Residential real estate is the main focus at the annual Urban Development Institute (UDI) forecast luncheon, even when non-residential builders take the stage. Workers need places to live, and if commercial and industrial space is in demand, they’re likely employing workers who need homes.

This year’s panel discussion, moderated by Jon Stovell of Reliance Properties Ltd., was no different.

“Today things are pretty quiet, but things will get better and probably sooner than we all think,” said panellist Neil Chrystal of Polygon Homes Ltd. “Our regional economy is doing very well, with positive job growth and low unemployment. It is very rare for a housing market to remain depressed when the local economy is doing so well.”

Anthem Properties CEO Eric Carlson took a similar stance, with characteristic verve.

“The economy lurches along and the market is finding its equilibrium,” he said, dismissing descriptions of the Vancouver market as a bubble. “A year or two from now rents and prices will be higher than they are today in virtually all asset classes.”

Carlson called for a new approach to housing, however, with extended rants against government policies that have boosted housing costs without increasing supply. With many developers holding off on construction in response to high labour costs that have also helped push prices beyond what consumers are willing to pay, supplies will be even more limited.

“We are coming off a period of extremely high pricing in all sectors – industrial, residential, everything,” Stovell said. “Affordability was the watchword, and I now have a sense that we might be moving from unaffordability to unavailability.”

Canada Mortgage and Housing Corp. expects up to 3,500 fewer starts in Metro Vancouver in 2019, with the total count not exceeding 21,800. The final tally last year was 23,404.

Talent trumps housing

A recurring question among commercial and industrial brokers is whether Vancouver’s housing crunch will stall corporate expansion in the region.

Responding to Jon Stovell’s comment on the shift from affordability to availability as the key issue facing local real estate markets, Beedie Industrial president Todd Yuen told the UDI forecast luncheon that access to talent trumps housing, at least for tech companies.

He pointed to the case of companies like Amazon, which is on track to have a million square feet of space in the downtown core and peak employment of about 5,300 people.

“Why not just go to Calgary?” he reported asking decision-makers at some of the companies scouting space. “You can rent the office space for a fraction of the price. Housing is cheap.”

But tech workers want to be in a world-class city, he was told. With salaries averaging US$80,000 to US$120,000, few tech-sector employees are concerned about the cost of housing.

“There was no fear whatsoever with respect to scarcity or housing pricing,” Yuen said of tech companies. “They can find their way around the housing business.”

A recent Cushman & Wakefield presentation on the costs U.S. companies face when expanding into Canada bears out Yuen’s comments.
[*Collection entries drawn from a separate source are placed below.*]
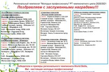 Поздравляем победителей и призёров Регионального чемпионата "Молодые профессионалы" РТ чемпионатного цикла 2020/2021 гг. с заслуженными наградами.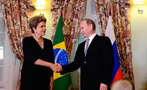 13—17 июля 2014 года Президент России Владимир Путин посетил Бразилию с официальным визитом, в ходе которого провёл переговоры с Президентом Бразилии Дилмой Роуссефф, по итогам которых подписан пакет документов о сотрудничестве, а также принял участие в работе саммита БРИКС, посвященного вопросам политической координации и глобального управления[9].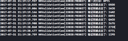 NSLog(@"驗證碼被點擊了:%@", weakSelf.testView.charString);

While by no means the cheapest city, a tenant signing a 10-year lease for 100,000 square feet would save US$27 million in Vancouver – though it is by no means the cheapest city – versus Toronto. Among the country’s major cities, Montreal is the best value with savings of US$96 million (but then there’s the weather).

Where’s the space?

Commercial space is becoming almost as scarce as housing, at least in the downtown core.

Companies could save millions by moving into 100,000 square feet of space, but that space isn’t likely to be found downtown right now.

 “Currently, no ‘A’ class buildings offer contiguous space of 20,000 square feet or more in the downtown core,” reports Jones Lang LaSalle’s (JLL) year-end office report.

The result has been upward pressure on rents. JLL says net asking rents have increased 10.4% over the past year to an average of $33.47 per square foot. Pre-leasing activity on new triple-A space is drawing rents into the high $50s.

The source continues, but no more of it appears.